### [Problem]
Below are the entries; give again exactly the lines from the one mentioning "- За глухим" through the one mentioning "7.2.10 Parker Large", inclusive.

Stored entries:

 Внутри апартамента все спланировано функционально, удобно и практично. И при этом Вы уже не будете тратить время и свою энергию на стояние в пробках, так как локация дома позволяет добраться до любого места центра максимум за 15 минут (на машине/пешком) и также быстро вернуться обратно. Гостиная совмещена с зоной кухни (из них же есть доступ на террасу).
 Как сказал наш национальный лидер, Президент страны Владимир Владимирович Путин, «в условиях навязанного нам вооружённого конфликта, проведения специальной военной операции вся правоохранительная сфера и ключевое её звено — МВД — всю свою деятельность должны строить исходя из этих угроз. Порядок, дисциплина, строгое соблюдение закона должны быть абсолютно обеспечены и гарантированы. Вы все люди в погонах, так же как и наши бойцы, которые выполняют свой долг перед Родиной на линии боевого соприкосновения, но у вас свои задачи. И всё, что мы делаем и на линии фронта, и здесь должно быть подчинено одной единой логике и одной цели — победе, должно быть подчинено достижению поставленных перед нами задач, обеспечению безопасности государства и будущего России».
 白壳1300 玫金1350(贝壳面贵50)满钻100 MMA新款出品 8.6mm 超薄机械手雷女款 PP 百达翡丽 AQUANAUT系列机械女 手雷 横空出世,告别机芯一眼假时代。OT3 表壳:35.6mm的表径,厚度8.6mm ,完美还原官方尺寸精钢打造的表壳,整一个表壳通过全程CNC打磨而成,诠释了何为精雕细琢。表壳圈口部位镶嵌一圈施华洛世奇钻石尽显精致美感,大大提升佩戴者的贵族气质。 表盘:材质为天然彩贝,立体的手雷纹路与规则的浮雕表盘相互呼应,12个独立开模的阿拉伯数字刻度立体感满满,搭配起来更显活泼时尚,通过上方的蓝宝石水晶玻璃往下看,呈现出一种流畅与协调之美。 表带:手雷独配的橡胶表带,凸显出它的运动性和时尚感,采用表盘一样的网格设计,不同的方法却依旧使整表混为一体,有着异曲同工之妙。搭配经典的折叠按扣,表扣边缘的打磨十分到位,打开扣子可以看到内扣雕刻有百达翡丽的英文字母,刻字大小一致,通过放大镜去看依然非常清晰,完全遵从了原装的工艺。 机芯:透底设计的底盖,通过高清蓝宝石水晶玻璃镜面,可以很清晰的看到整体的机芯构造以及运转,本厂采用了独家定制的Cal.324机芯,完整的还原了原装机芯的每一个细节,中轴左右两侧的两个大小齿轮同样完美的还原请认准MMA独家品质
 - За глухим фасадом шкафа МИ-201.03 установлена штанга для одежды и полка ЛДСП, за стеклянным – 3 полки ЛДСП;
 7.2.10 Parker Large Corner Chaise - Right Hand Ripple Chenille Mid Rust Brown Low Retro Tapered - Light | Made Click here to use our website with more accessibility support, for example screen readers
--
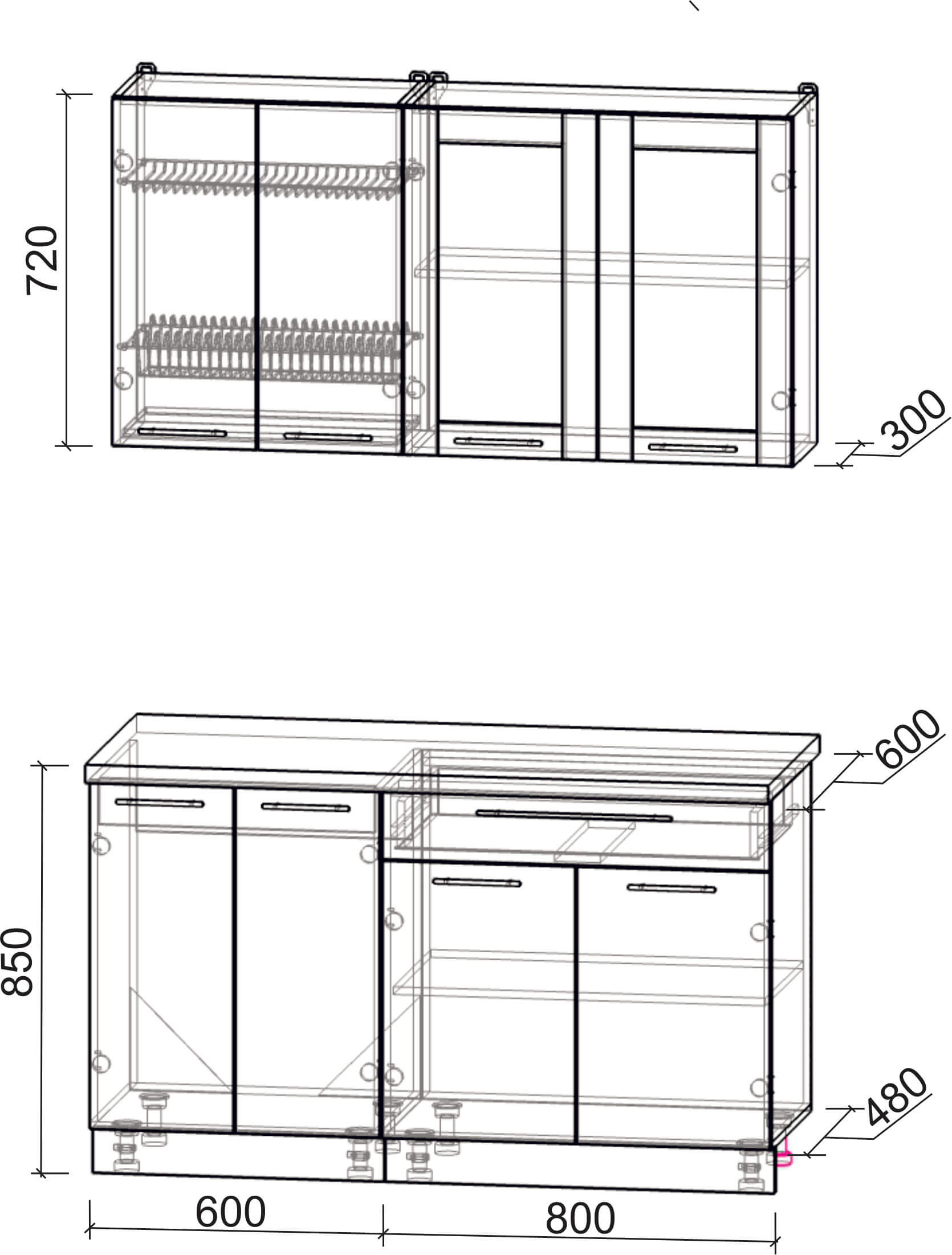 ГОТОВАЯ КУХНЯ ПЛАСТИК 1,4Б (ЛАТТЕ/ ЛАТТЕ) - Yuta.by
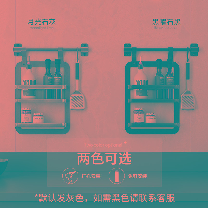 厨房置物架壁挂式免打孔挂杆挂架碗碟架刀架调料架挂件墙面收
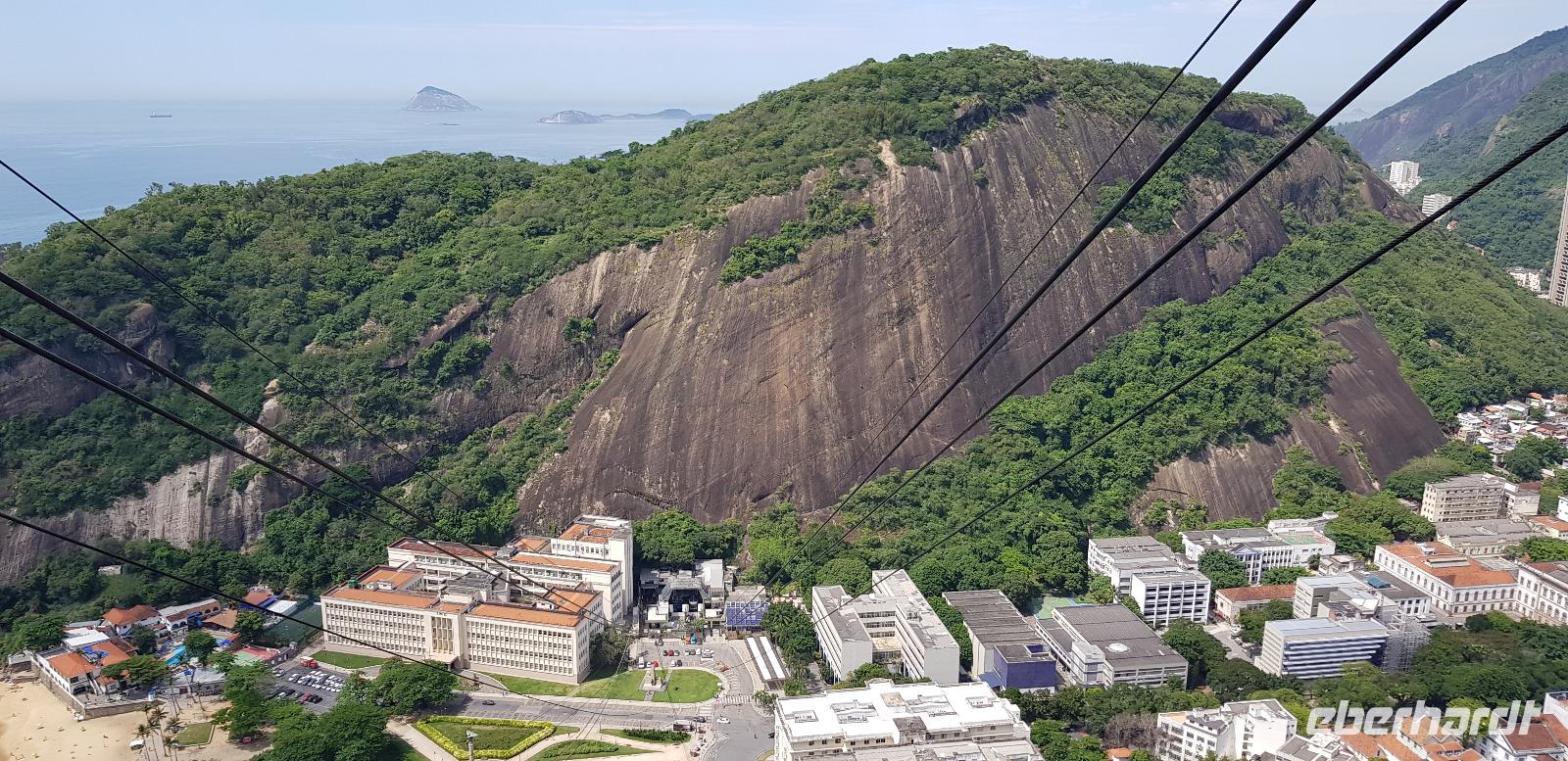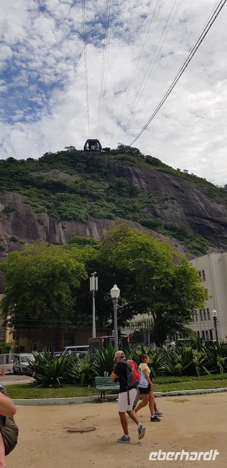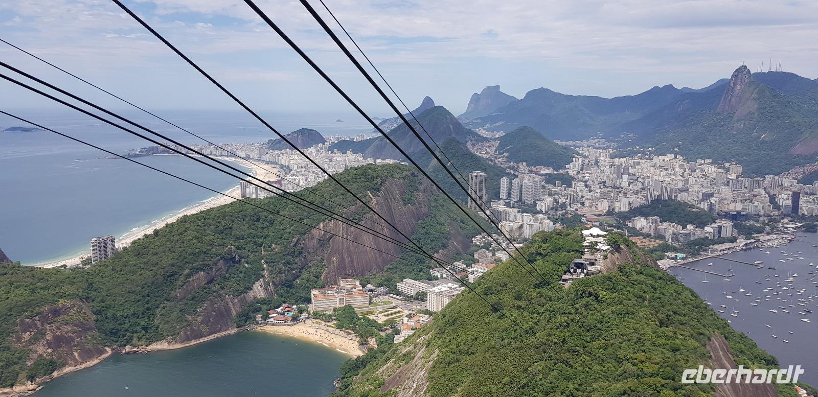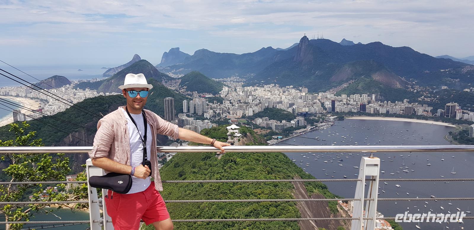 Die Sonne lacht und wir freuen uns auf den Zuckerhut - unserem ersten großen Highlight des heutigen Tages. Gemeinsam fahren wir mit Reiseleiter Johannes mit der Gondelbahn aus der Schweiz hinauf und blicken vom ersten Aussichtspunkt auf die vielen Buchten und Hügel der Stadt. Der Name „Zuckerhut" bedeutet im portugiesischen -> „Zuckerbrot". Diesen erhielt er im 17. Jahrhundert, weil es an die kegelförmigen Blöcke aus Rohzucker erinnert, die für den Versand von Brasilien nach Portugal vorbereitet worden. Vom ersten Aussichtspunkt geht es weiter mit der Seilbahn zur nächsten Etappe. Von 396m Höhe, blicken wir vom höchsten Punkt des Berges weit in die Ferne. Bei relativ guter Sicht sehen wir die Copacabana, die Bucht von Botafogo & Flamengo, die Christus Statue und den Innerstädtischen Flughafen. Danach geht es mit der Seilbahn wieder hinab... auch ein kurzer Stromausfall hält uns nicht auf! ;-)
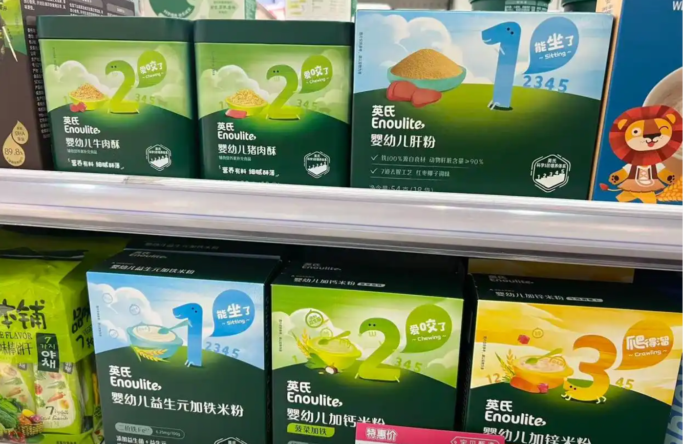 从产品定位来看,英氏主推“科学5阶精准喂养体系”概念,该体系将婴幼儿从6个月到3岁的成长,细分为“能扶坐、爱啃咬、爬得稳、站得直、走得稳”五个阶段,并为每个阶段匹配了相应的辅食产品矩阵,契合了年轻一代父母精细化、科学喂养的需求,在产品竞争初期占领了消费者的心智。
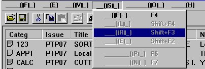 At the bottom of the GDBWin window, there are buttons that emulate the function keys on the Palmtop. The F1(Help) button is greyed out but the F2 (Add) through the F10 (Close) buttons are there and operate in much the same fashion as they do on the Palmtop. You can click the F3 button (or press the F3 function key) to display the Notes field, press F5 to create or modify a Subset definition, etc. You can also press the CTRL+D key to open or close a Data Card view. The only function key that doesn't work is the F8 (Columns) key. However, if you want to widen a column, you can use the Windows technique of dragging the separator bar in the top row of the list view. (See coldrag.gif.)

### [Solved problem]
 - За глухим фасадом шкафа МИ-201.03 установлена штанга для одежды и полка ЛДСП, за стеклянным – 3 полки ЛДСП;
 7.2.10 Parker Large Corner Chaise - Right Hand Ripple Chenille Mid Rust Brown Low Retro Tapered - Light | Made Click here to use our website with more accessibility support, for example screen readers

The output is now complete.